Avanzó a hurtadillas por el oscuro pasadizo, temiendo ser encontrada en cualquier momento.
En su pecho latía un pequeño corazón asustado, como si fuera un cervatillo que huyera de un cazador, y al atisbar un leve reflejo a poca distancia, se vió obligada a dar marcha atrás, gimoteando mientras rezaba a algo desconocido que la pudiera sacar de allí.
Hacía poco tiempo que había llegado a aquellas campiñas bayonesas, y había soñado con que su estancia fuera más que agradable, pero… sin darse apenas cuenta, se encontró en medio de todo aquél percal.
Las gentes, extrañas y totalmente amorales, empezaron a hacerle el vacío, a hablar a sus espaldas y mostrarle disgusto sin ningún tipo de reparo.
La tildaban de mujerzuela y ladrona cada vez que aparecía por el pueblo, y al fín, en medio de todo el abucheo y griterío en el que se había visto sumergida cuando inocentemente había saludado a un jovenzuelo rapaz ojizarco de gestadura inocente, apareció Geraldo, el hombre más respetado del lugar, un prócer venerado por aquellas gentes, que, sin mediar palabra, se la llevó de allí, escondiéndola en el carromato con el que se había acercado a la marabunta que le había llamado la atención poderosamente.

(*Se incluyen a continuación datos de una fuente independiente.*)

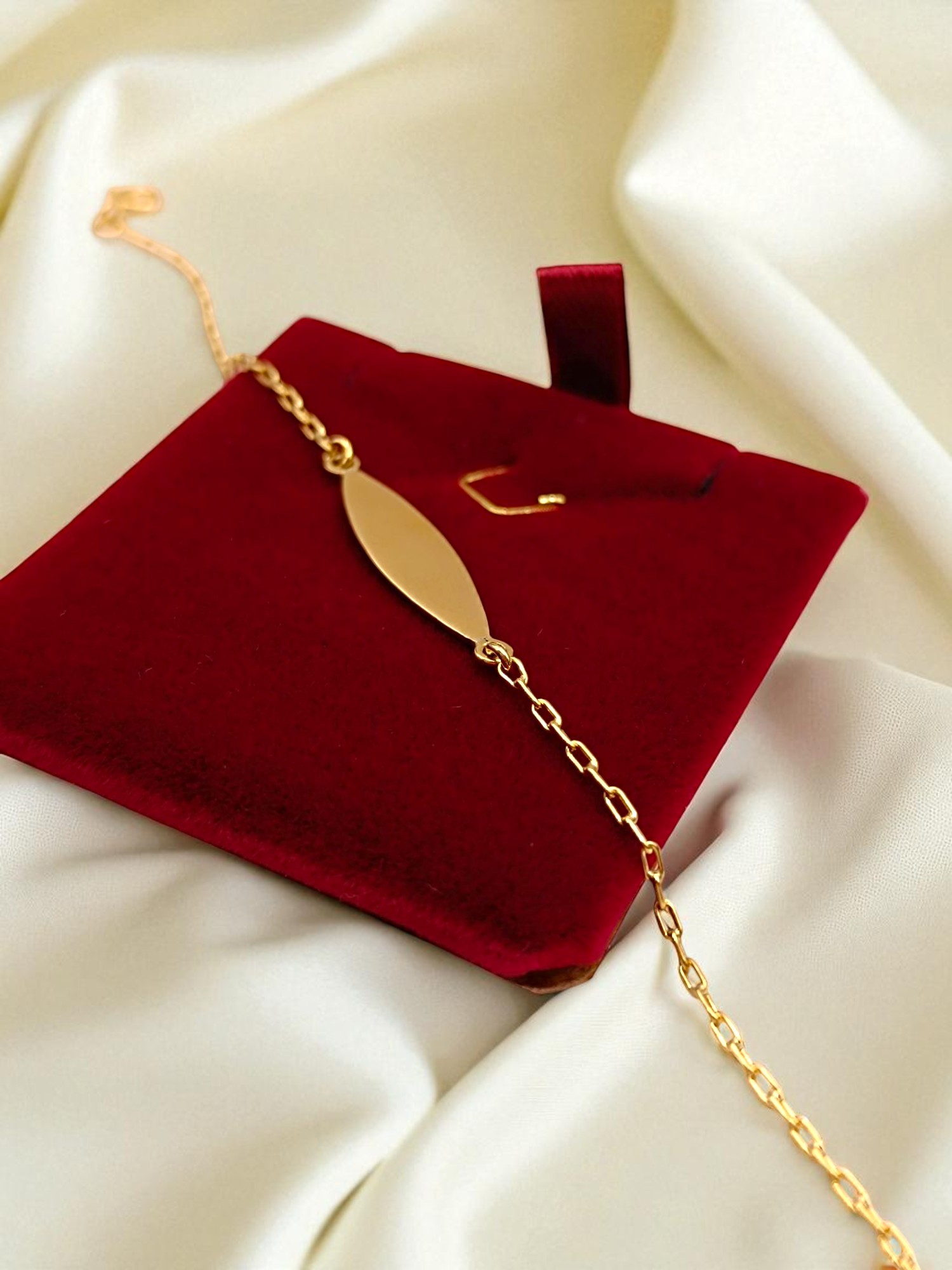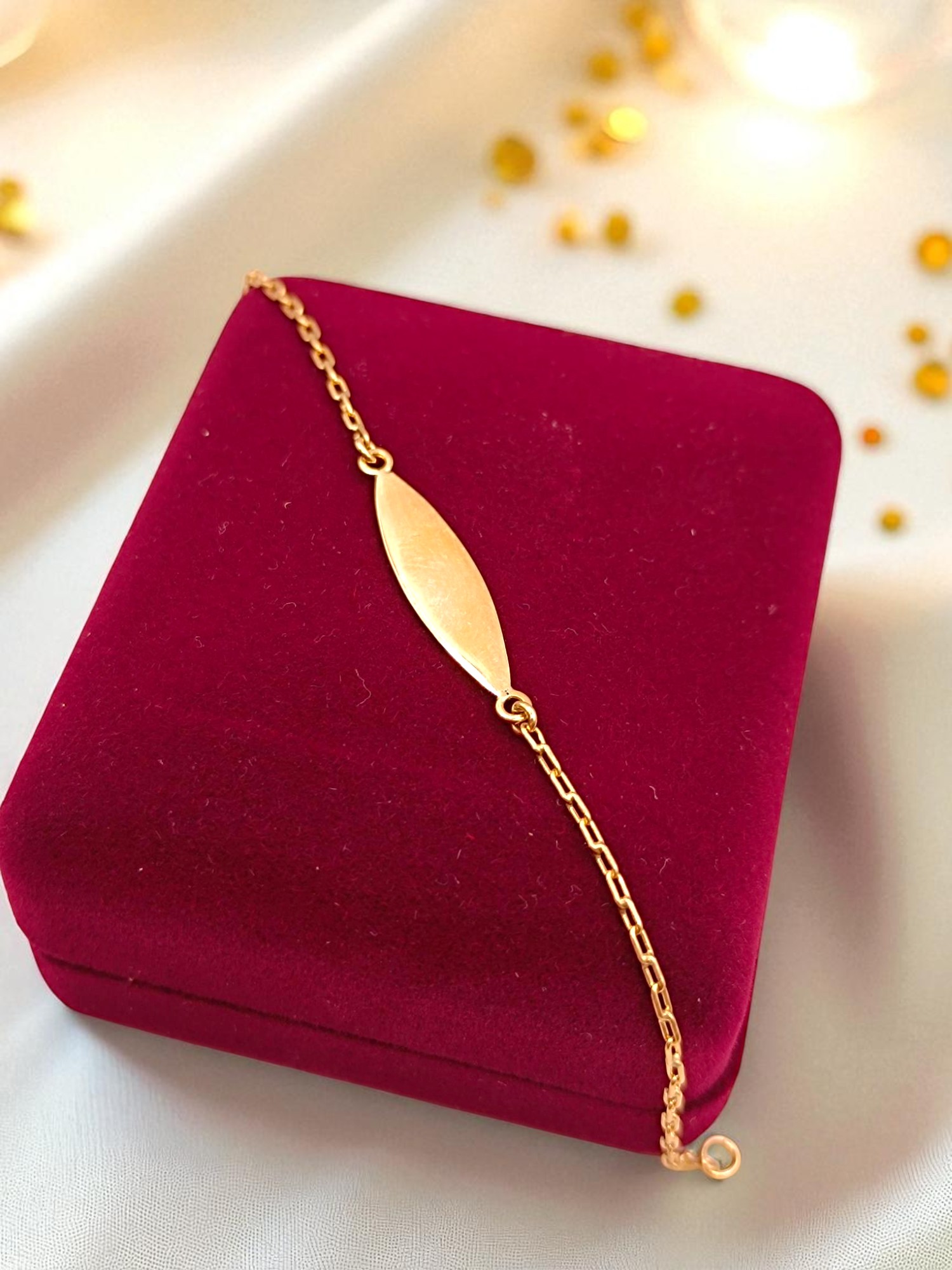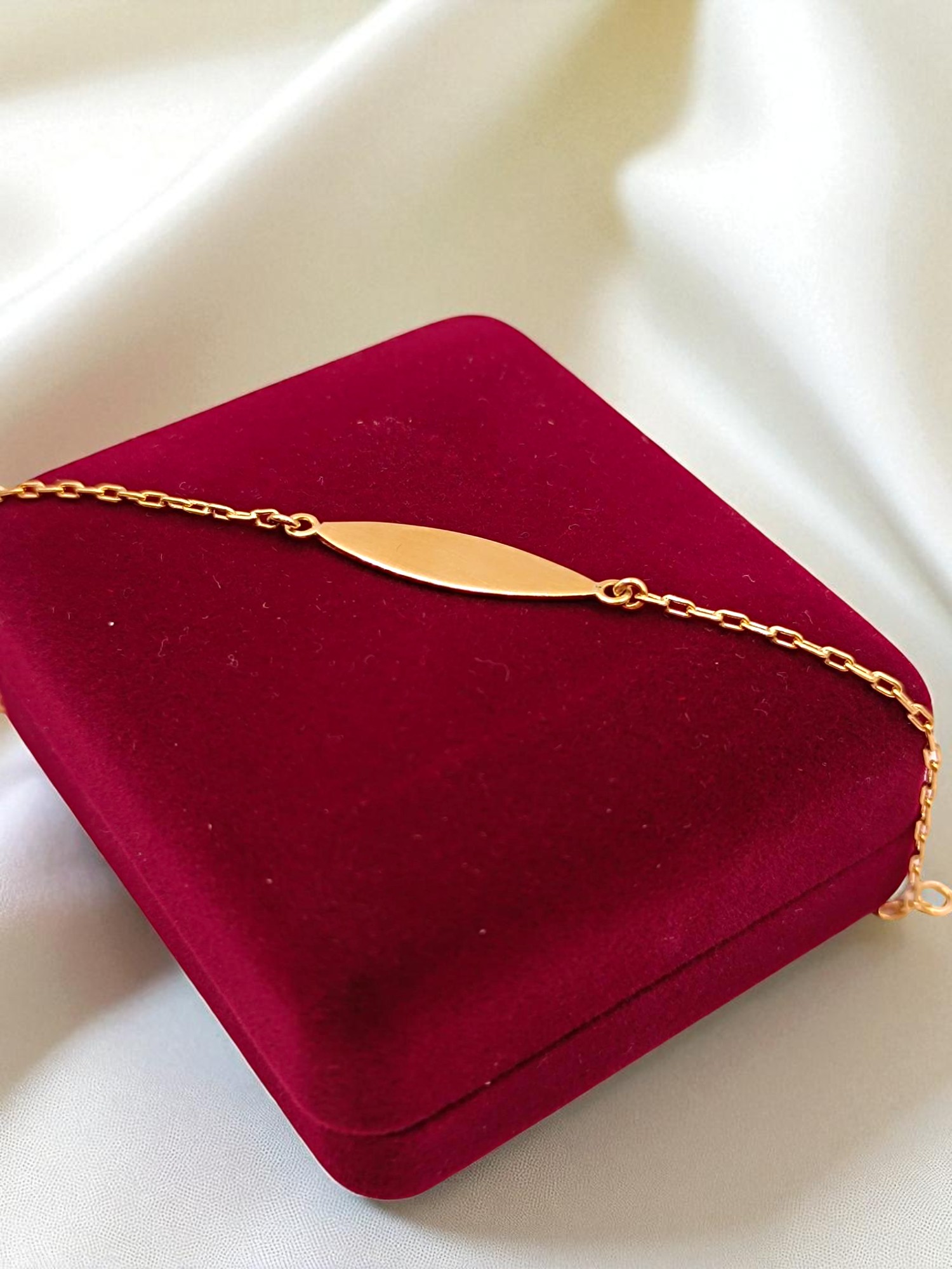 ¡Un regalo tierno y personalizado! Pulsera para niña/o con placa de identificación de 1.7 grs en oro 18k. Incluye caja de regalo y garantía de por vida sobre la calidad del oro.

- ¡¡No quiero vivir en esta anomia!! – sollozó entre los brazos de aquél hombre, que la llevó a un castillo donde no estaban mas que ellos dos, y que la tranquilizó con voz suave y clara, regalándole caricias y abrazos.
Y después de pasar una noche en su alcoba, preguntándose si aquél hombre había sido anteriormente uno de aquellos campiranos y cómo había resultado ser el más cuerdo de todos ellos, súbitamente se aterró, porque escuchó sonidos que procedían de las puertas del castillo, y que inconfundiblemente eran producto de las gentuzas del pueblucho, que se habían acercado con intención de…
Y por eso se puso en pie, abandonando las sábanas aún calientes, donde el hombre la había dejado dormitando, y escapó de la habitación rumbo a cualquier pasillo… buscando una salida a aquel horror.
_ Minina… preciosa, bonita, ¿dónde estás? – le oyó llamarla, y por eso su corazón se desbocó, porque no parecía en absoluto tierno ni amable, e intentó rehacer sus pasos, pero al poco dió de bruces con algo, y, al mirar sobre su hombro y ver a aquél gémino, dejó escapar un grito de horror, que sin duda actuaría en su contra.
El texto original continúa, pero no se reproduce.